§ **What this task involves**
Leave the pictures out and give every entry again exactly.
*** Supplied data Section Begins ***
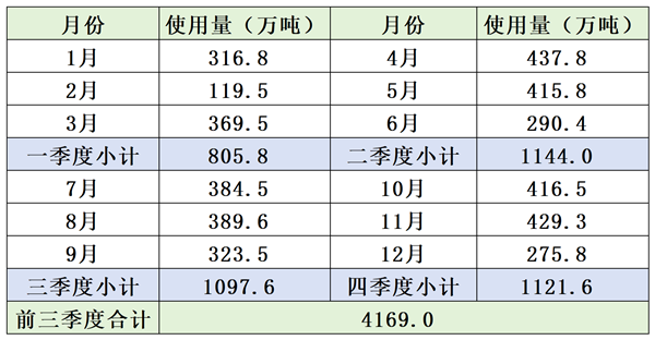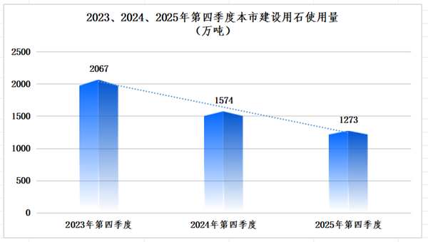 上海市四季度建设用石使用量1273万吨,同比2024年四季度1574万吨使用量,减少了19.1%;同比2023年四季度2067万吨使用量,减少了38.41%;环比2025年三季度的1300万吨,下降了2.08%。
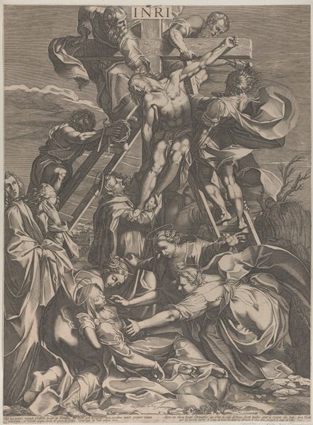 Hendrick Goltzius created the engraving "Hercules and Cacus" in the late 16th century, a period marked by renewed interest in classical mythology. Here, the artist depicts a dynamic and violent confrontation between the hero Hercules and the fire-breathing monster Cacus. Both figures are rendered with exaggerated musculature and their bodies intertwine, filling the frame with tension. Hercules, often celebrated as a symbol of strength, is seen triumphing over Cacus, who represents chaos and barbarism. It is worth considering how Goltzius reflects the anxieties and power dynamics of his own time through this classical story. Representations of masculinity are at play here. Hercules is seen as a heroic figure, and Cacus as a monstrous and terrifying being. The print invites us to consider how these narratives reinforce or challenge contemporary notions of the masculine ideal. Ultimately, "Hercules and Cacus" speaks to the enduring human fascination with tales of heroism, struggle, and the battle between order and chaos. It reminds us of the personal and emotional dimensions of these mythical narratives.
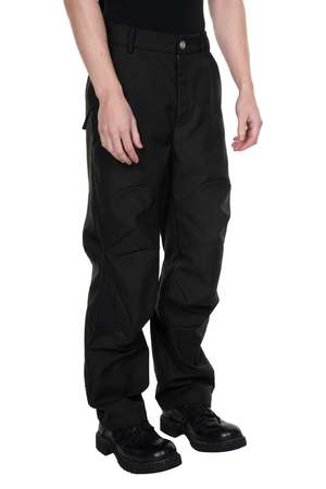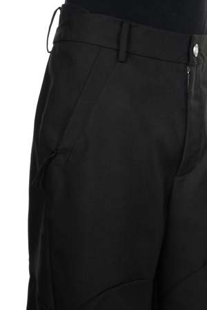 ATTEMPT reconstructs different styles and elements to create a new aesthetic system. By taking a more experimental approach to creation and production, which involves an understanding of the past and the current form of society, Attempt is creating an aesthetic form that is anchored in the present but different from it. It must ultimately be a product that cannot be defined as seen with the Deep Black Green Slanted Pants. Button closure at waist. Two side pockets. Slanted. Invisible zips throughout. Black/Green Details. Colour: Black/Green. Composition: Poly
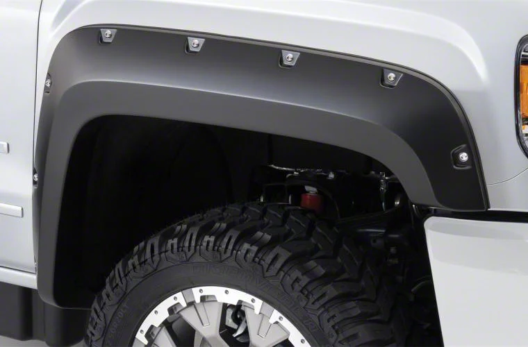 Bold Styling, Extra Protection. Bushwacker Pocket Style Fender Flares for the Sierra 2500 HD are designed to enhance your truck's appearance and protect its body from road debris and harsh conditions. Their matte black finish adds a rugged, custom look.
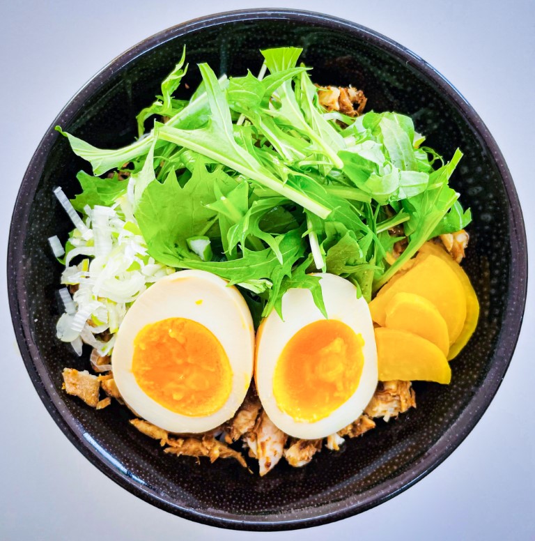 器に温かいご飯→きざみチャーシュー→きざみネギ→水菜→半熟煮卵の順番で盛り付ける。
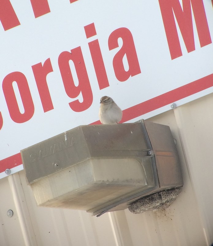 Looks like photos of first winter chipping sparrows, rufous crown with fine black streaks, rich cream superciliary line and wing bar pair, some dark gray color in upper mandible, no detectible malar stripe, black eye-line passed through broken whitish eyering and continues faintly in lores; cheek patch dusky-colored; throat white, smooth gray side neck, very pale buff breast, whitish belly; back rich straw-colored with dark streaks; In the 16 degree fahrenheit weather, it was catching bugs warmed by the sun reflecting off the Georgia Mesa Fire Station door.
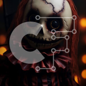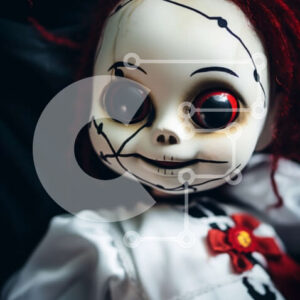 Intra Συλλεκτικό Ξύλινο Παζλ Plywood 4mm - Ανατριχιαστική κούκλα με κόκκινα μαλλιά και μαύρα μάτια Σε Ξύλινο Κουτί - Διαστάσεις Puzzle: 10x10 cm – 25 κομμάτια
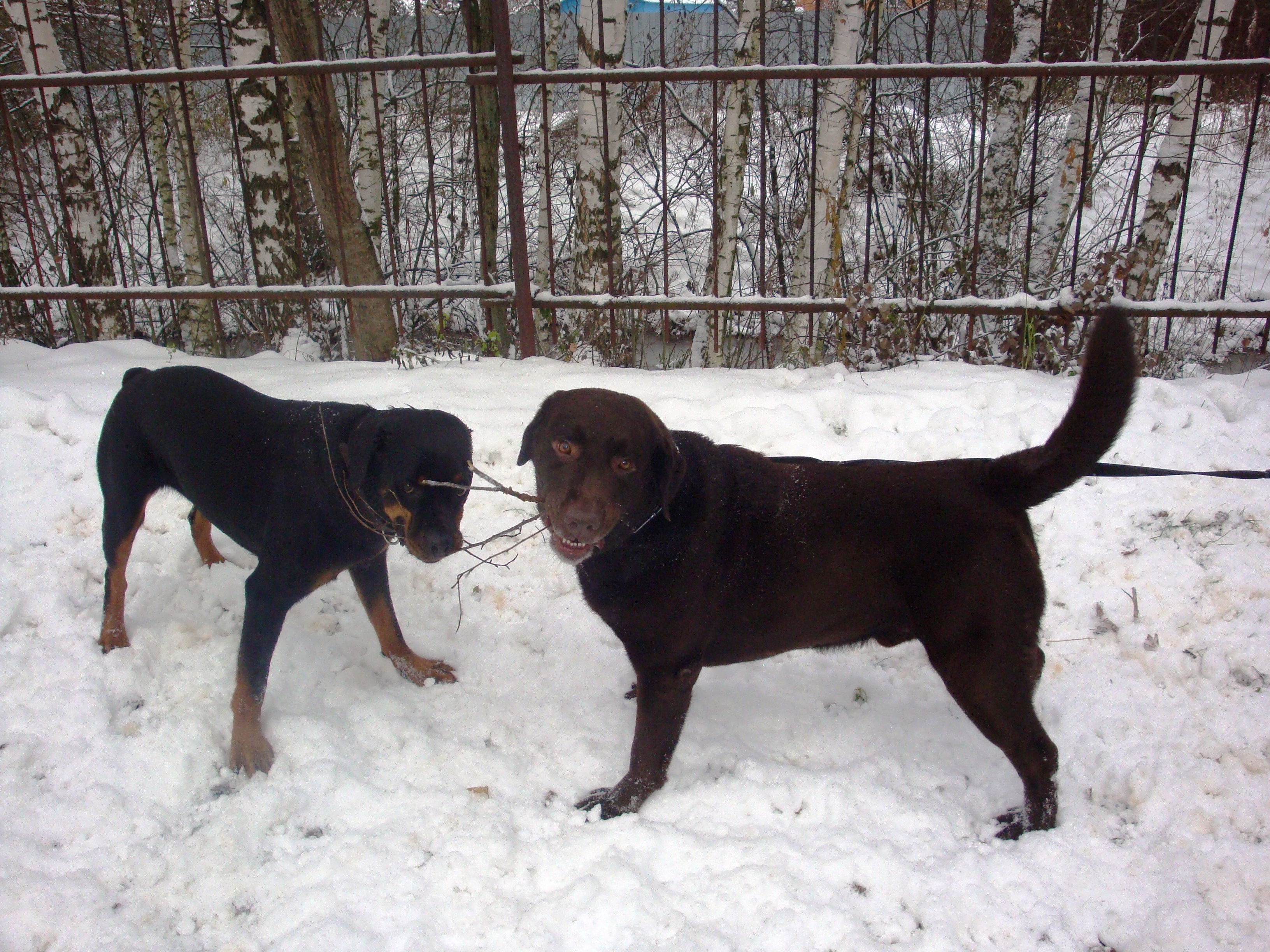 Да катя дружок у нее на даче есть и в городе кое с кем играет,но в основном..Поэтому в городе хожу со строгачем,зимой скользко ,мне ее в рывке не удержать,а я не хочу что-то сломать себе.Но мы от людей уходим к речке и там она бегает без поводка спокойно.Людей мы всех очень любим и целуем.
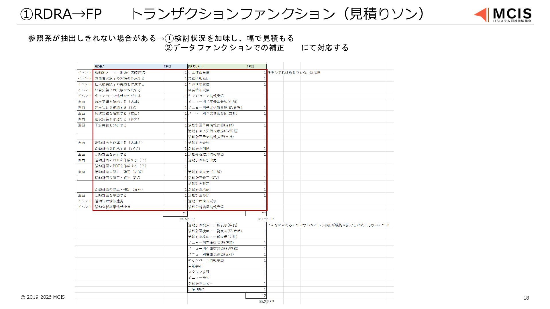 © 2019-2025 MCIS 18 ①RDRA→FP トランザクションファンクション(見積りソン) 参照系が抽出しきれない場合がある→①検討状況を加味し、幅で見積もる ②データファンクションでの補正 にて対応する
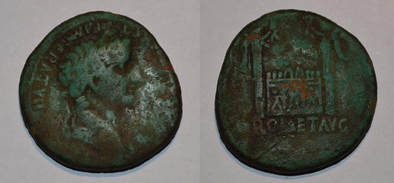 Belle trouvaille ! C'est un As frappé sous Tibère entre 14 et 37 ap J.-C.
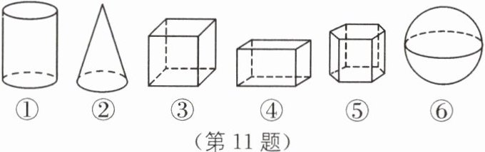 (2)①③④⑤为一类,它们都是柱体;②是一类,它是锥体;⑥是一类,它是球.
*** Supplied data Section Ends ***
§ **Task response**
 上海市四季度建设用石使用量1273万吨,同比2024年四季度1574万吨使用量,减少了19.1%;同比2023年四季度2067万吨使用量,减少了38.41%;环比2025年三季度的1300万吨,下降了2.08%。
 Hendrick Goltzius created the engraving "Hercules and Cacus" in the late 16th century, a period marked by renewed interest in classical mythology. Here, the artist depicts a dynamic and violent confrontation between the hero Hercules and the fire-breathing monster Cacus. Both figures are rendered with exaggerated musculature and their bodies intertwine, filling the frame with tension. Hercules, often celebrated as a symbol of strength, is seen triumphing over Cacus, who represents chaos and barbarism. It is worth considering how Goltzius reflects the anxieties and power dynamics of his own time through this classical story. Representations of masculinity are at play here. Hercules is seen as a heroic figure, and Cacus as a monstrous and terrifying being. The print invites us to consider how these narratives reinforce or challenge contemporary notions of the masculine ideal. Ultimately, "Hercules and Cacus" speaks to the enduring human fascination with tales of heroism, struggle, and the battle between order and chaos. It reminds us of the personal and emotional dimensions of these mythical narratives.
 ATTEMPT reconstructs different styles and elements to create a new aesthetic system. By taking a more experimental approach to creation and production, which involves an understanding of the past and the current form of society, Attempt is creating an aesthetic form that is anchored in the present but different from it. It must ultimately be a product that cannot be defined as seen with the Deep Black Green Slanted Pants. Button closure at waist. Two side pockets. Slanted. Invisible zips throughout. Black/Green Details. Colour: Black/Green. Composition: Poly
 Bold Styling, Extra Protection. Bushwacker Pocket Style Fender Flares for the Sierra 2500 HD are designed to enhance your truck's appearance and protect its body from road debris and harsh conditions. Their matte black finish adds a rugged, custom look.
 器に温かいご飯→きざみチャーシュー→きざみネギ→水菜→半熟煮卵の順番で盛り付ける。
 Looks like photos of first winter chipping sparrows, rufous crown with fine black streaks, rich cream superciliary line and wing bar pair, some dark gray color in upper mandible, no detectible malar stripe, black eye-line passed through broken whitish eyering and continues faintly in lores; cheek patch dusky-colored; throat white, smooth gray side neck, very pale buff breast, whitish belly; back rich straw-colored with dark streaks; In the 16 degree fahrenheit weather, it was catching bugs warmed by the sun reflecting off the Georgia Mesa Fire Station door.
 Intra Συλλεκτικό Ξύλινο Παζλ Plywood 4mm - Ανατριχιαστική κούκλα με κόκκινα μαλλιά και μαύρα μάτια Σε Ξύλινο Κουτί - Διαστάσεις Puzzle: 10x10 cm – 25 κομμάτια
 Да катя дружок у нее на даче есть и в городе кое с кем играет,но в основном..Поэтому в городе хожу со строгачем,зимой скользко ,мне ее в рывке не удержать,а я не хочу что-то сломать себе.Но мы от людей уходим к речке и там она бегает без поводка спокойно.Людей мы всех очень любим и целуем.
 © 2019-2025 MCIS 18 ①RDRA→FP トランザクションファンクション(見積りソン) 参照系が抽出しきれない場合がある→①検討状況を加味し、幅で見積もる ②データファンクションでの補正 にて対応する
 Belle trouvaille ! C'est un As frappé sous Tibère entre 14 et 37 ap J.-C.
 (2)①③④⑤为一类,它们都是柱体;②是一类,它是锥体;⑥是一类,它是球.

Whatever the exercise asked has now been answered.